Hojność wobec górników stwarza niebezpieczny precedens. Prywatyzacja stanie się jeszcze trudniejsza
Nasz rząd nie będzie się kłaniał bankierom ani związkowcom, nie będzie klękał przed księdzem – zapowiedział premier Donald Tusk w sobotę podczas konwencji PO w Gdańsku. W przypadku związków to oświadczenie zabrzmiało groteskowo, bo dzień wcześniej rząd już się nawet nie pokłonił, ale wręcz padł przed nimi na twarz.
Piątkowe porozumienie ze związkami otwiera, co prawda, drogę do planowanego na 6 lipca debiutu JSW, ale zapłacono za nie bardzo drogo. Górnicy dostaną rekordową liczbę akcji firmy, w której pracują bądź pracowali. I ci uprawnieni, i nieuprawnieni. „Nigdy w historii polskiej prywatyzacji państwo polskie nie wykonało takiego gestu. Robimy to, bo wszyscy zdajemy sobie sprawę z roli, jaką pełni JSW i w polskiej gospodarce, i w przyszłości na rynku kapitałowym” – komentował wiceminister skarbu Krzysztof Walenczak. Dodajmy, że rząd kupił też spokój przed wyborami i zainkasuje kilka miliardów złotych do budżetu.
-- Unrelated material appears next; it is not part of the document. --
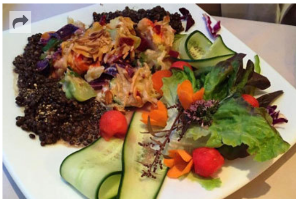
Frisch und lecker: ein Teller im Coburger Naturkost Restaurant Tie

Das nach eigenen Angaben „erste Naturkost-Restaurant“ Coburgs, das es schon seit mehr als 30 Jahren gibt, setzt auf regionale Produkte „für Gourmets“. Die Gäste schätzen besonders die kreative Speisekarte, auf der man Köstlichkeiten wie Kartoffelsuppe mit schwarzen Möhren, Rote-Bete-Scheiterhaufen mit Kastanien überbacken oder fränkische Pfefferrahmlinsen findet. Aus der Bewertung eines Gastes bei Tripadvisor: „Ein Restaurant, das sich völlig vom üblichen Mainstream abhebt. Die klare Ausrichtung auf gesunde Küche und saisonale Produkte wird geschmacklich überzeugend umgesetzt.“

Oprócz uzyskania darmowych akcji pracownicy JSW będą mogli kupić dwa razy więcej papierów niż zwykli inwestorzy indywidualni w specjalnej ofercie. Powstanie dla nich program pożyczek. Jeżeli cała załoga z niego skorzysta, wówczas jej udział w akcjonariacie wyniesie ok. 17 – 19 proc. Dotychczas pracownicy zyskiwali przy prywatyzacjach nie więcej niż 15 proc. akcji. Koniunktura na węgiel jest fantastyczna, można się więc spodziewać sporego dodatkowego zysku.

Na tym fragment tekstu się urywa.